= Benoît Verdickt =

Canadian organist (1884–1970)

Benoît Verdickt (27 September 1884 – 28 April 1970) was a Canadian organist, choirmaster, composer, and music educator of Belgian birth. His compositional output consists mainly of sacred music, some of which he self-published. His most notable works are his Cantique de mariage for soloist and two-part choir (1918) and his Missa pro defunctis for three-part choir and organ (1941).

==Early life==
Born in Steenhuffel, Londerzeel, Verdickt studied in Mechelen, first at the Interdiocesan School of Sacred Music, and then at the Mechelen Conservatory where he ultimately graduated with his diploma.

==Career==
In 1906 Verdickt immigrated to Canada to assume a church organist post in Victoriaville, Quebec. He remained there until 1912 when he became an organist/choirmaster at a church in Rochester, New York in the United States. After just one year there, he returned to Canada in 1913 to assume a similar role at Sts-Anges Church in Lachine, Quebec near Montreal. He remained there until his retirement in 1963.

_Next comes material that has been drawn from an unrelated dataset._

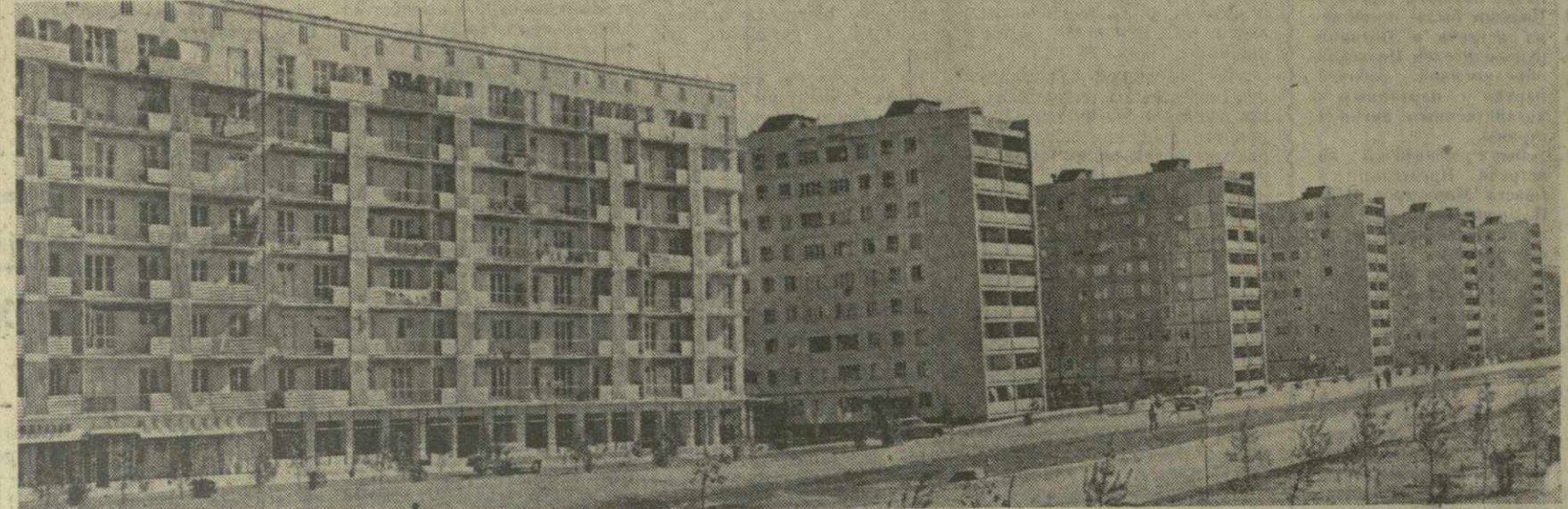
Год от года растет и хорошеет город Густаи. За последние время здесь построены многоэтажные жилые дома для металлургов и рабочих химического комбината, школы и детские ясли, кинотеатр, магазины, комбинаты бытового обслуживания и другие здания. На снимке: новые жилые дома на проспекте Дружбы.

Verdickt was active as a music teacher while living in Lachine. He taught on the music faculty of the Conservatoire national de musique, taught solfège for the Quebec government, and served as the Lachine school board's director of music education. He also had a number of private students. Among his notable pupils was Gustave Robitaille. He also conducted Lachine's local concert band and organized concerts in the town. At the time of his death in Saint-Laurent, Quebec in 1970 the newspaper Messager de Lachine stated, "There are many among us who owe their taste and musical training to him. For that reason he will always remain a prominent figure in the history of Lachine". The Lachine Museum named one of their pavilions in his honor. A gallery in the Musée de Lachine is named for him.